If you work in the sharing economy in California, it’s been a confusing 18 months. First, the state legislature in Sacramento passed a law that said that anyone who works in the sharing economy — Uber and Lyft drivers, DoorDash and Postmates delivery people and so on — would now be treated as a full-time employee and not an independent contractor.

You liked that in some ways and didn’t like it in others. Full-time employee status meant you’d get benefits, you could organize and bargain collectively and you’d be able to enjoy all of the workplace protections as every full-time worker in California. On the other hand, you’d now lose the flexibility that comes with being an independent contractor, like setting your own schedule, deciding what jobs you do and don’t want to take and being limited to working for just one platform. You also might have seen a decrease in how much cash you take in, because your employer would have to charge higher prices (the money to pay your benefits has to come from somewhere), which could reduce customer demand and make things less busy.

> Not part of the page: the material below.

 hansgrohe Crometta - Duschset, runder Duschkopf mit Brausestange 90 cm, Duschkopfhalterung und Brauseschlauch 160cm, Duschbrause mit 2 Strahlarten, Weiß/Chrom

But before you could even get used to your new status, the platforms you work for refused to comply with the new law and launched a ballot referendum to overturn it. Courts went back and forth between ordering the companies to treat you like employees and deciding the new law may not apply. You didn’t know what would happen. And then, the ballot campaign began.

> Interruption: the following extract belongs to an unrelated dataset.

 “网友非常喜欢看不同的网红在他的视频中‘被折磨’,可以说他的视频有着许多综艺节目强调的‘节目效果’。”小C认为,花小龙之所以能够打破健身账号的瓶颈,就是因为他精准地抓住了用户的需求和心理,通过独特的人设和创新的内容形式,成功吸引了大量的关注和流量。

The proponents of Proposition 22, which overturns the state’s worker classification law, started spending on the campaign. And they kept spending. And spending. And spending — over $200 million in all. Opponents spent a lot too, but their $20 million was a fraction of the total. You were being asked to weigh in publicly both for and against the ballot referendum. Millions and millions of Californians, every single day, were told on TV, on the radio, in podcasts, online (by people who don’t actually work on sharing economy platforms) what’s in your best interests. You weren’t always sure you agreed, but whatever. The polls were unclear on whether Prop 22 would pass. Some showed a close race, others didn’t. And then the voters spoke, overwhelmingly voting yes, overturning the state law in the process. 

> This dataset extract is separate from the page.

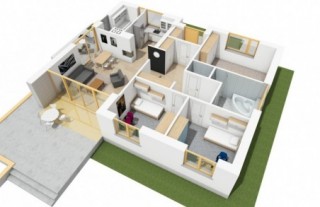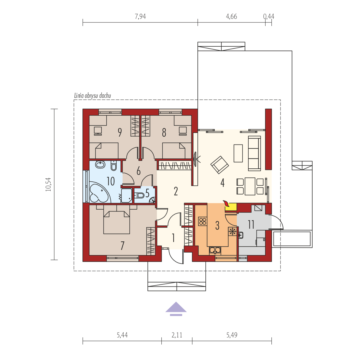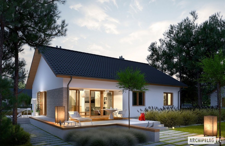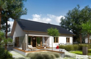 W projekcie zastosowano systemy zabudowy poddaszy, ścian działowych i sufitów podwieszonych Rigips. Więźba dachowa w systemie dachu prefabrykowanego w systemie płytki kolczastej MITEK.Charakterystyka: dom parterowy, niepodpiwniczonyPrzeznaczenie: dom dla 3-4-osobowej rodziny Technologia i konstrukcja:Fundamenty: ławy, bloczki betonowe 24 cm, ocieplenie styropian 15 cmŚciany zewnętrzne: murowane, dwuwarstwowe, beton komórkowy H+H 24 cm, ocieplenie Termo Organika 20 cmŚciany wewnętrzne: ściany działowe w systemie suchej zabudowy Rigips 12 cmPodłoga na gruncie: płyta betonowa, ocieplenie styropian 15 cmStrop: pas dolny wiązara stanowi konstrukcję, sufit podwieszony RigipsDach: wiązary dachowe prefabrykowane, ocieplenie wełna mineralna 30 cm, dachówka ceramiczna Röben Rozwiązania instalacje:Ogrzewanie: kocioł gazowy, rozprowadzenie ciepła: grzejnikiWentylacja: grawitacyjna OZE: kolektory słoneczneWykończenie:Elewacje: tynk cienkowarstwowy mineralny Termo Organika i okładzina klinkierowaStolarka: drewniana, PVC lub aluminiowa, drzwi wejściowe firmy HörmannInne: ażurowa pergola drewnianaOtoczenie: system tarasowy ProDeck - deska kompozytowa Terra w kolorze złoty dąbDostępne wersje:- Swen – inna aranżacja parteru, poddasze do adaptacji, dach o kącie nachylenia 35°, odmienne wykończenie elewacji- Odbicie lustrzane do każdej wersji Istnieje możliwość:- podpiwniczenia budynku- wykonania budynku w technologii szkieletowej Atuty projektu okiem architekta:- Szybkie w montażu, prefabrykowane elementy dachu, stanowiące jednocześnie konstrukcję stropu, eliminują konieczność ponoszenia kosztów związanych ze stawianiem ścian nośnych, fundamentów oraz stropu żelbetowego nad parterem- Ścianki działowe szkieletowe umożliwiające dowolną aranżację wnętrza- Zwarta bryła budynku sprzyjająca energooszczędności, doskonałe parametry cieplne- Funkcjonalne i ergonomiczne wnętrze z podziałem na strefę dzienną i nocną- Salon z interesującym narożnym kominkiem- Funkcjonalne szafy wnękowe- Duże przeszklenia od strony ogrodu oraz w jadalni z widokiem na ogród- Zacieniony taras w podcieniu- Wygodne zadaszenie nad wejściem do budynku jako osłona przed wiatrem i śniegiem- Zblokowane piony instalacyjne to oszczędność na etapie budowy i eksploatacji instalacji

Now you’re an independent contractor again. What does it all mean?

In some ways, nothing; in some ways, everything. It means that, at least in California, you’re always going to be able to work for as many platforms as you want. It means you decide how you work, when you work, where you work. It also means that if you want what comes with a full-time job — the benefits and obligations — Uber, Lyft, DoorDash and the other platforms are not the right place for you. And also, despite the market’s celebration of Prop 22’s passage with big jumps in share price of the companies who won, even if you want to keep driving for Uber, you need to be aware that the company loses money on every ride and that the future of the industry is far from secure. You also need to remember that autonomous cars are coming (pre-COVID-19, Tel Aviv was planning to introduce autonomous taxis in 2021), which could ultimately eliminate the need for drivers and delivery people altogether.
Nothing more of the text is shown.